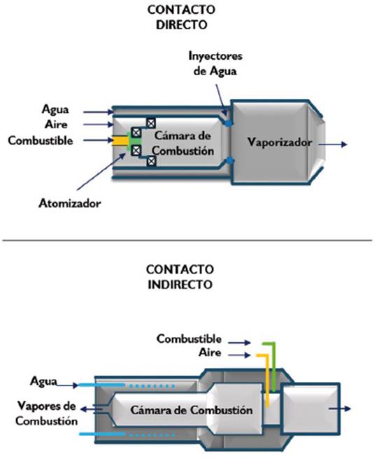 Generadores de combustión de contacto indirecto. Tienen un funcionamiento similar a los generadores de combustión de contacto directo; su diferencia radica en que los gases de combustión no se mezclan con el vapor, puesto que los primeros retornan a superficie por medio de una tubería.
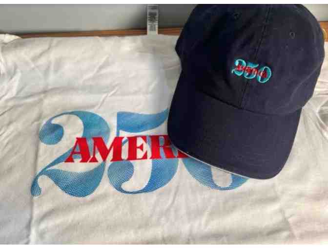 Spread the word with this sharp looking baseball cap and t-shirt (size small) , that the 250th birthday of our country is coming in 2026!
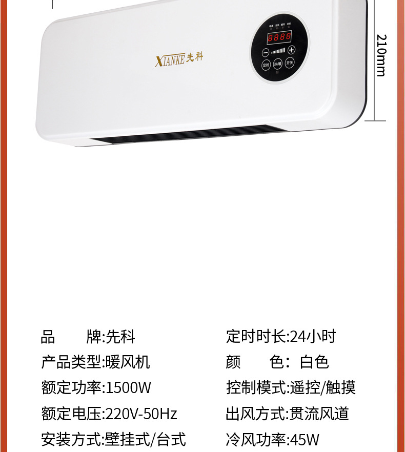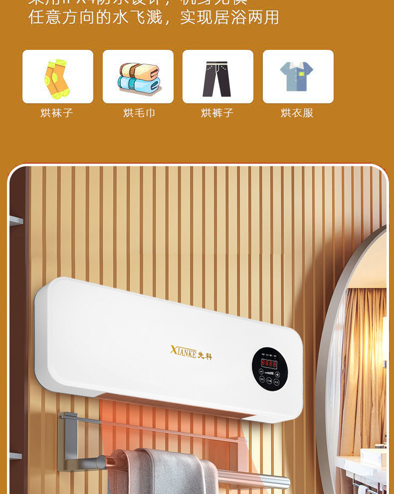 Xianke 모바일 소형 에어컨 가정용 히터 욕실 벽걸이 히터 전기 히터 뜨거운 송풍기 도매스토어 가기
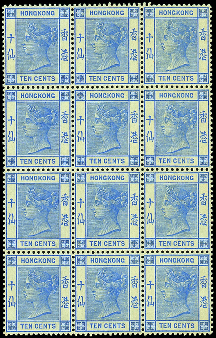 10c. ultramarine in a block of twelve, mint; a good multiple. S.G. 59. Photo
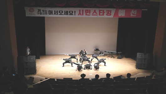 지난 4월 29일 구미시민들의 끼와 재능 한마당 ‘LG시민스타킹’ 예선이 구미문화예술회관에서 진행됐다. 스페셜 MC 기웅아재&단비와 함께한 이번 예선전은 노래와 댄스 외에도 태권무, 난타, 폴댄스 등 다양한 퍼포먼스 등 총 55개 팀 145명이 참가해 치열한 경합을 벌였다. 이 날 끼와 재능을 인정받아 본선진출을 확정지은 구미시민은 가요에 김건민, 전지원, 마칠린 댄스부문에 라이트포스, 정효원 퍼포먼스부문에 묘기요요 강승모, 퓨전밸리 쟈스민쥬니어 밴드부문에 거리&, 기타사랑 아띠로 총 9개 팀이 진출했다. 본선에 진출한 9개 팀은 5월 13일 ‘제25회 LG기 주부배구대회’에서 최종경연을 통해 최종승자를 가리게 된다. 대상은 상금 100만원과 부상으로 32인치 LED TV, 금상에는 상금 80만원과 LG 퓨리케어 공기청정기, 은상에는 상금 60만원과 LG코드제로 청소기, 동상에는 상금 40만원과 LG전자레인지가 지급된다.
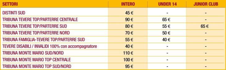 - I settori Curva Sud Centrale e Curva Sud Laterale sono esauriti in abbonamento.
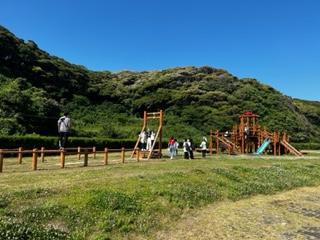 イルカパークは広大で、アスレチックもあります。果敢にチャレンジしています。
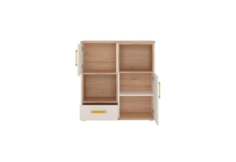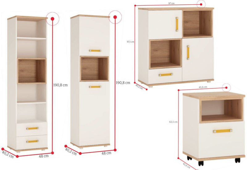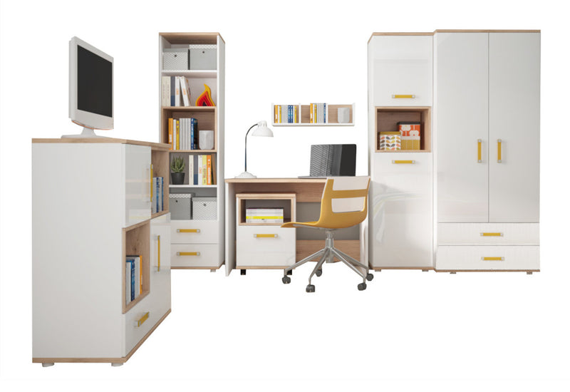 Detská izba AZAN 2. Moderná detská izba Vás zaujme svojim jednoduchým dizajnom. Je vyrobená z kvalitných materiálov. Skladá sa z komody, šatníkovej skrine, dvoch vysokých regálov, písacieho stola, kontajnera a jednej police. Produkty sa dajú zakúpiť aj samostatne, vďaka tomu si môžete vytvoriť detskú izbičku podľa Vášho priania.

* **Goal of the exercise**: The entries above, every one of them, should be retyped exactly, with no pictures carried over.

* **Solution to the exercise**:
 Generadores de combustión de contacto indirecto. Tienen un funcionamiento similar a los generadores de combustión de contacto directo; su diferencia radica en que los gases de combustión no se mezclan con el vapor, puesto que los primeros retornan a superficie por medio de una tubería.
 Spread the word with this sharp looking baseball cap and t-shirt (size small) , that the 250th birthday of our country is coming in 2026!
 Xianke 모바일 소형 에어컨 가정용 히터 욕실 벽걸이 히터 전기 히터 뜨거운 송풍기 도매스토어 가기
 10c. ultramarine in a block of twelve, mint; a good multiple. S.G. 59. Photo
 지난 4월 29일 구미시민들의 끼와 재능 한마당 ‘LG시민스타킹’ 예선이 구미문화예술회관에서 진행됐다. 스페셜 MC 기웅아재&단비와 함께한 이번 예선전은 노래와 댄스 외에도 태권무, 난타, 폴댄스 등 다양한 퍼포먼스 등 총 55개 팀 145명이 참가해 치열한 경합을 벌였다. 이 날 끼와 재능을 인정받아 본선진출을 확정지은 구미시민은 가요에 김건민, 전지원, 마칠린 댄스부문에 라이트포스, 정효원 퍼포먼스부문에 묘기요요 강승모, 퓨전밸리 쟈스민쥬니어 밴드부문에 거리&, 기타사랑 아띠로 총 9개 팀이 진출했다. 본선에 진출한 9개 팀은 5월 13일 ‘제25회 LG기 주부배구대회’에서 최종경연을 통해 최종승자를 가리게 된다. 대상은 상금 100만원과 부상으로 32인치 LED TV, 금상에는 상금 80만원과 LG 퓨리케어 공기청정기, 은상에는 상금 60만원과 LG코드제로 청소기, 동상에는 상금 40만원과 LG전자레인지가 지급된다.
 - I settori Curva Sud Centrale e Curva Sud Laterale sono esauriti in abbonamento.
 イルカパークは広大で、アスレチックもあります。果敢にチャレンジしています。
 Detská izba AZAN 2. Moderná detská izba Vás zaujme svojim jednoduchým dizajnom. Je vyrobená z kvalitných materiálov. Skladá sa z komody, šatníkovej skrine, dvoch vysokých regálov, písacieho stola, kontajnera a jednej police. Produkty sa dajú zakúpiť aj samostatne, vďaka tomu si môžete vytvoriť detskú izbičku podľa Vášho priania.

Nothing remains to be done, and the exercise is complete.